Suicidal Blond Found Guilty, Mentally Ill
Judge sends former model who killed three with her car to a mental hospital.
-- A suicidal ex-model from Illinois was found guilty but mentally ill for killing three beloved local musicians in an attempt to end her own life.
"She never touched her brakes, she never attempted to maneuver around the other car," said Cook County Judge Garritt E. Howard, according to the Chicago Sun Times. "The evidence is overwhelming the defendant was trying to commit suicide."
Howard ruled Jeanette Sliwinski was guilty of three counts of reckless homicide and one count of aggravated battery. She faces a maximum of 10 years in prison.
"I believe the defendant was being truthful when she said she only intended to hurt herself and no one else,'' said Howard, who heard the case without a jury.
Defense attorneys had argued that Sliwinski, then 23, was suffering from delusions when she struck a Honda Civic stopped at a red light in a northern Chicago suburb in July 2005. The car was carrying Michael Dahlquist, 39; John Glick, 35; and Douglas Meis, 29, three musicians who worked day jobs together at an audio electronics company.
Sliwinski will be transferred to a mental institution, and if at some point she is deemed mentally competent, she'll be moved to a prison, according to The Associated Press.
For the family of one of the victims, Sliwinski's actions still engender the kind of bitterness so common to grieving relatives.
"The one thing that would have brought this thing to closure would have been had she been successful in what she set out to do that day," David Meis, brother of victim Douglas Meis, told ABC News at the start of the trial, referring to the suicide attempt.
"She left this big, open-ended, ironic twist, in that she took three wonderful, beautiful lives and walked away with a broken ankle," Meis said. He said that his father was a Navy pilot and that the family moved often.
"A lot of time when you move like that, your best friends become your brothers. We were a very close-knit family."

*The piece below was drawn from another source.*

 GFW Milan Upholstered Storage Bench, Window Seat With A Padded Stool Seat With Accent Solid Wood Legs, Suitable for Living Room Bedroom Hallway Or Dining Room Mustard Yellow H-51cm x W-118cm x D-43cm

The crash and subsequent arrest brought Sliwinski Internet infamy. Many blogs and Web sites have posted modeling pictures of Sliwinski since she was arrested.
Begs Forgiveness
Police testified that Sliwinski told them she'd had a fight with her mother that day, and en route to a psychiatry appointment sought to kill herself. The young woman drove through three red lights at 70 mph, police and prosecutors said at the time.

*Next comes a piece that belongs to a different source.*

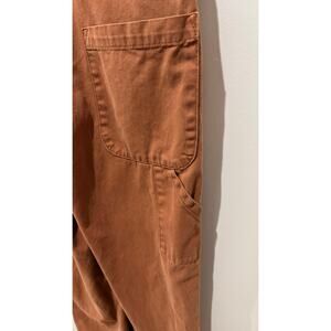 Pistola Denim Grover jumpsuit in the sold-out cinnamon colorway, size XXS. This rich auburn brown shade is perfect for fall and winter styling and is no longer available in this color or size. The Grover is a flattering, workwear-inspired one-piece featuring adjustable shoulder straps and a front button closure. It can be worn cinched at the waist for a more defined shape or left relaxed for an effortless fit. Made from 100% cotton with a structured yet comfortable feel. Size XXS. For reference, this fit perfectly on a 5’2”, approximately 100 lb frame with a 24" waist. There is a tiny pin size light mark on the shoulder which is pictured.

The 2000 Ford Mustang hit the Honda Civic so hard it threw both cars into the air, each landing upside down, crushed against the pavement.

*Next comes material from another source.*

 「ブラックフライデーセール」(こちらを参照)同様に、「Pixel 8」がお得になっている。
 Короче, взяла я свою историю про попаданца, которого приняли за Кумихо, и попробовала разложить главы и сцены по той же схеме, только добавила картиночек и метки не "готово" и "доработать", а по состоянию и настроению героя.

The depth of the tragedy has not been lost on Sliwinski. Four days after the crash, she released a statement from her hospital bed, where she was recovering from the ankle injury under police guard.
"I pray and beg for forgiveness from everyone who is saddened by the deaths," she said in the statement, on behalf of her and her parents, Ted and Ursula.
"If we had an explanation for what happened, we would tell you what it is, but we have no explanation," the statement continued.
"We have only our heartfelt grief and prayers. We are all praying for the families of these fine young men and for the many friends whose lives were touched by their music and love."
College Grad, Lingerie Model
Sliwinski reportedly graduated from Columbia College, earning a degree in marketing and education in 2004. Her slender figure graced the pages of the Chicago's City Girls calendar in 2002 and 2003. She'd also done other modeling, including a Lee Jeans ad, a Frederick's of Hollywood lingerie show and assorted trade shows, according to the Chicago Sun-Times.
Sliwinski has been through several attorneys since her legal odyssey began, each of whom argued in one form or another that she was suffering from mental problems at the time of the crash.
Sergio Tovar, the manager of a Mattress World retail store near the site of the crash, described hearing a loud thud outside his store as he chatted with a client, according to a 2005 Sun-Times report.
"A quarter of a second after that, the [Mustang] was airborne," he told the newspaper. He said he ran outside carrying a pillow. He saw the Honda flipped over, he said at the time, with the rear end crushed into the back passenger seat.
There was a body in the middle of the road, Tovar said. And beside it was Sliwinski's car. He said her feet were dangling from the passenger-side window.
"She said, 'Get me out of here,'" Tovar said.